Winter Arriving in Time for Travel
Neal: What’s the flight situation?
Del: Simple. There’s no way on earth we’re going to get out of here tonight. We’d have more luck playing pickup sticks with our butt-cheeks than we will getting a flight out of here before daybreak.
Neal: I guess we’ll find out soon enough.
Del: Yeah, but by the time the airline cancels this flight, which they will sooner or later, you’d have more of a chance to find a three-legged ballerina than you would a hotel room.
Neal: Are you saying I could be stuck in Wichita?
Del: I’m saying you are stuck in Wichita.
Has there ever been a holiday travel movie better than “Planes, Trains and Automobiles“? I don’t think so. Unless, of course, the story line is being written right now across the Pacific Northwest or, perhaps over the next several days as a major winter storm pushes east across the country. As Neal Page (Steve Martin) and Del Griffith (John Candy) discovered, winter weather can play havoc with the best laid travel plans. Fortunately for Neal and Del, their story ended in front of a warm fire and perfectly roasted turkey with family and friends. But might next week end differently for travelers across the U.S.?
Currently, winter storm advisories are in effect from the northern Plains westward across the Rockies and Great Basin, the Sierras and higher elevations of northern California. In fact, over the next 48 hours the Eureka, California National Weather Service office is issuing alerts for up to two feet of snow in the higher elevations. Pocatello, Idaho is also expecting up to two feet of snow above 5,500 feet. In North and South Dakota, forecasters are advising of light snow beginning tonight, becoming heavier tomorrow and beginning to taper off on Sunday; as much as six inches is possible in some places.

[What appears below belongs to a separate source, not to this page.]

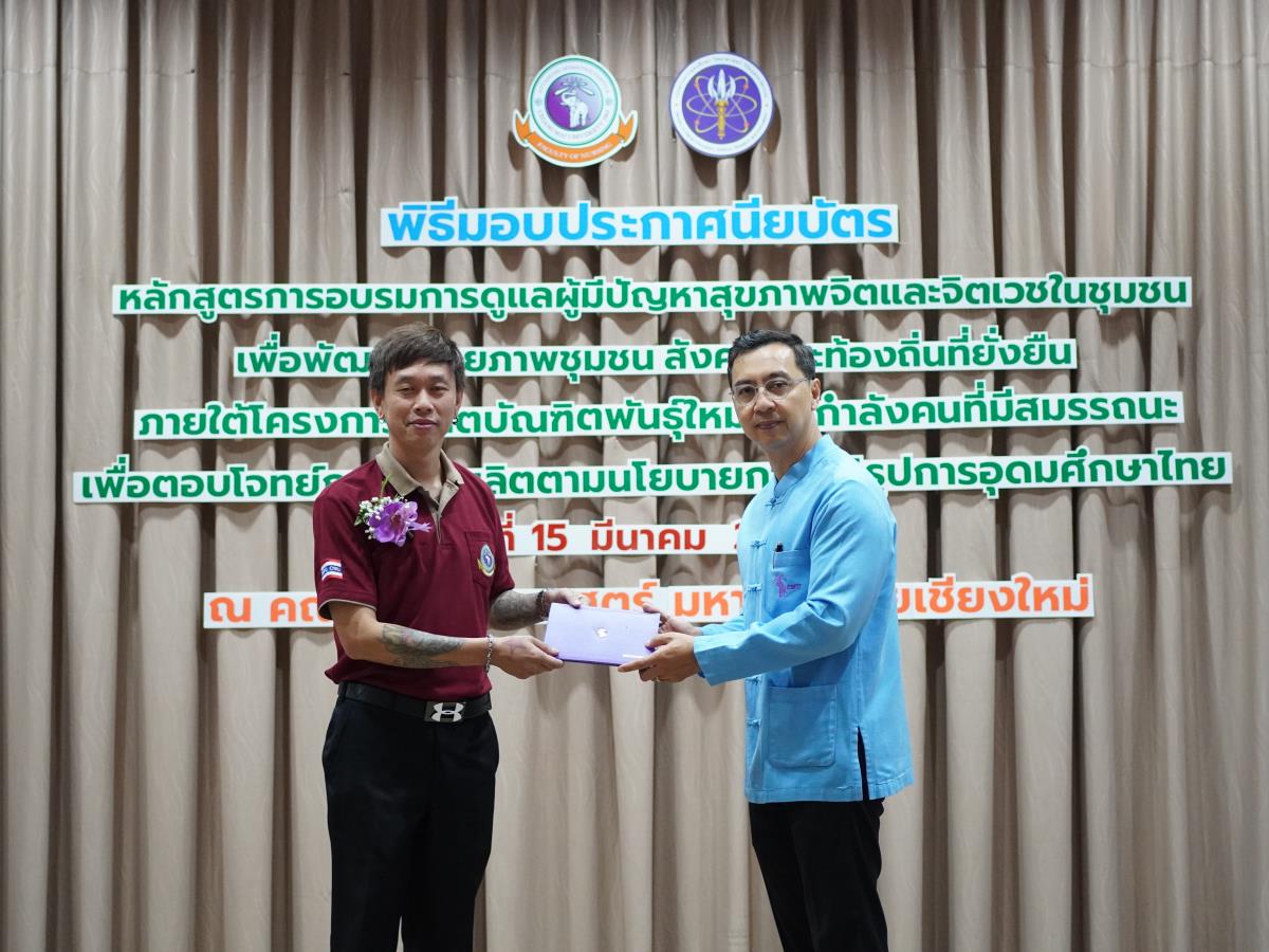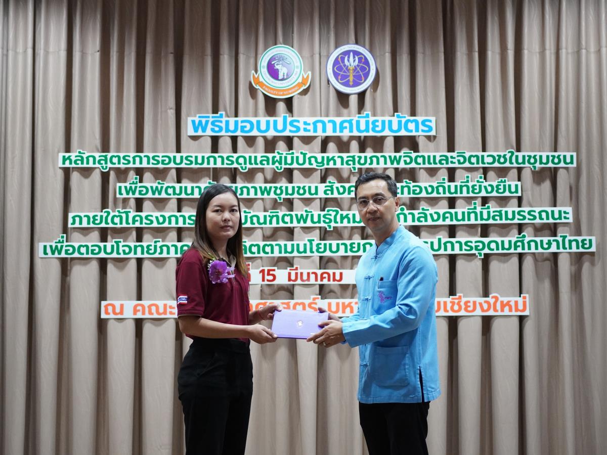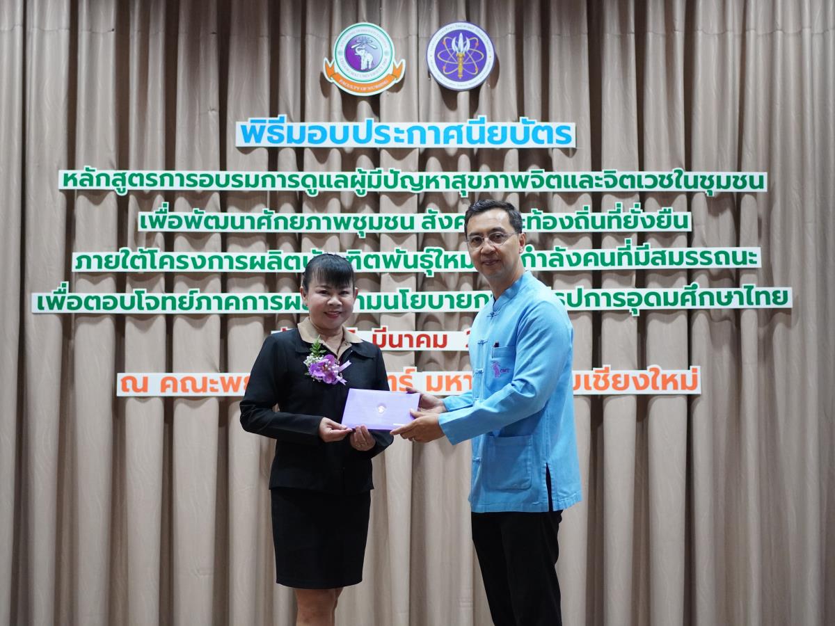 คณะพยาบาลศาสตร์ มหาวิทยาลัยเชียงใหม่ จัดพิธีปิดและมอบประกาศนียบัตรโครงการอบรมหลักสูตรการดูแลผู้มีปัญหาสุขภาพจิตและจิตเวชในชุมชน เพื่อพัฒนาศักยภาพชุมชน สังคมและท้องถิ่นที่ยั่งยืน (รุ่นที่ 2) ภายใต้โครงการผลิตบัณฑิตพันธุ์ใหม่และกำลังคนที่มีสมรรถนะเพื่อตอบโจทย์ภาคการผลิตตามนโยบายการปฏิรูปอุดมศึกษาไทย ประเภทประกาศนียบัตร (Non-Degree) โดยมี ผู้ช่วยศาสตราจารย์ ดร.ธานี แก้วธรรมานุกูล คณบดี เป็นประธานมอบและกล่าวแสดงความยินดี อาจารย์ ดร.หรรษา เศรษฐบุปผา ประธานคณะกรรมการบริหารหลักสูตรฯ กล่าวรายงาน ณ ห้องประชุมชั้น 5 อาคาร 4 คณะพยาบาลศาสตร์ เมื่อวันศุกร์ที่ 15 มีนาคม 2567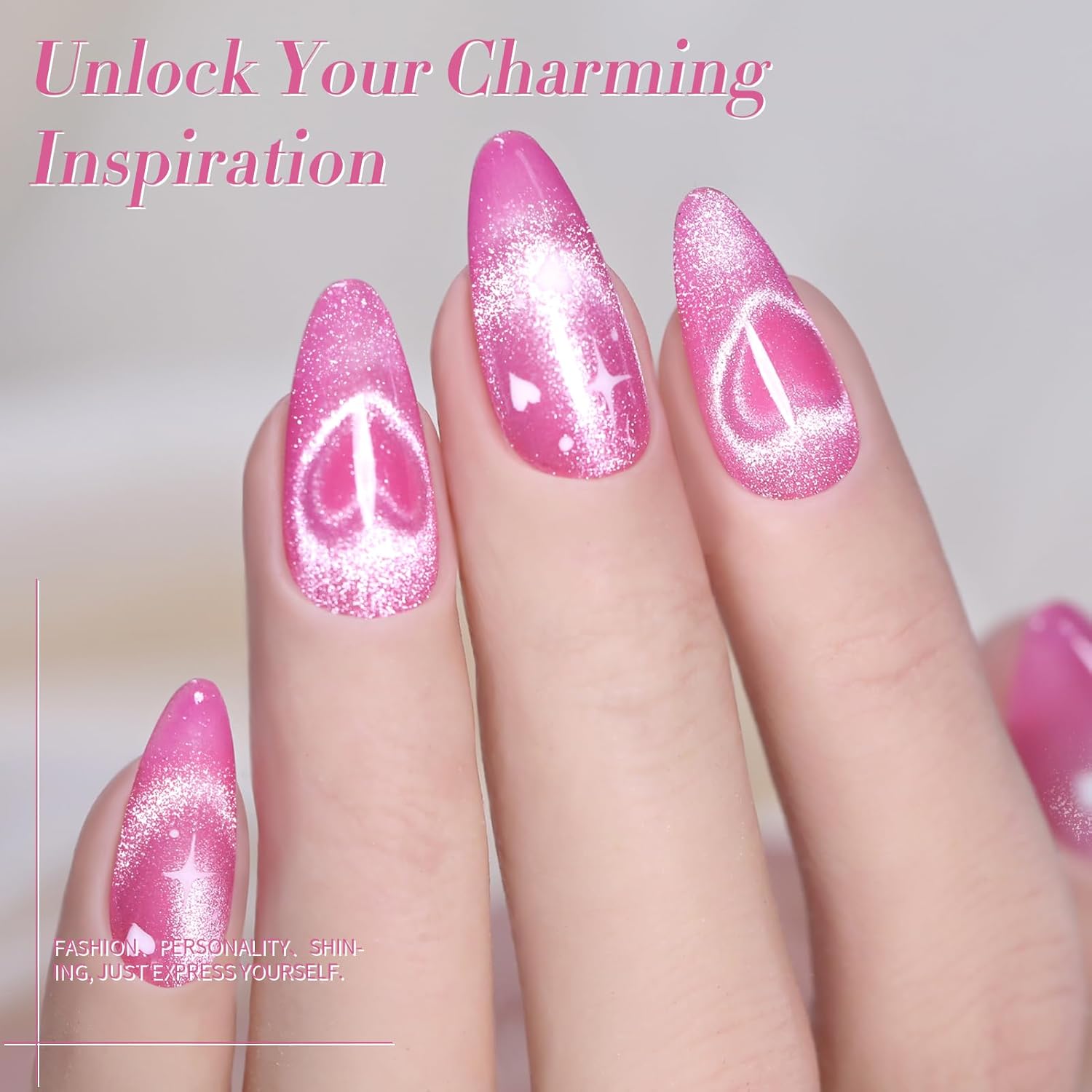 Born Pretty Cat Magnetic Eye Gel Nail Polish,Pink Glitter Cat Magnetic Gel Nail Polish Love Letter Magnetic Nail Polish for Nail Art Manicure Salon DIY at Home 15ML

What about next week? Unfortunately, it looks like the storm system now taking shape will continue gathering strength for the next several days and eventually reach the Gulf Coast by midweek next week. Reaching, for example, Houston late Wednesday or early Thanksgiving morning.
What’s this mean? If your holiday travel is to any place but the Southwest, the Gulf Coast or the Deep South, be prepared for winter weather to interfere with your holiday travel. Be on the lookout for strong winds across the Midwest, snow from the Great Lakes to the Plains and wet, temperatures (and wind chills) well below normal across mid-sections of the country, and stormy weather across the Mississippi, the Tennessee and likely the Ohio River Valleys.
Now is the time prepare: Pre-load your mobile phone with customer service and reservations numbers to your airlines, hotels and car rental agencies of choice. Begin padding your schedule with the inevitable delays in mind. Give your relatives a heads up that your travel plans might not go exactly as planned. Grab the heavy jacket and boots (which will likely mean an extra or at least a larger suitcase). Not traveling? Do your holiday food shopping sooner rather than later and be prepared for indoor activities. Have extra “everything” on hand so you don’t have to head out into the storm or the snow. Stock up on wood for the fireplace. Read Lauren’s YWB post from Wednesday about being prepared for winter weather.
Lastly, since this is the last business day of the last full week before the big Thanksgiving holiday, I’d like to wish you and your family the best holiday season — no matter what the weather brings.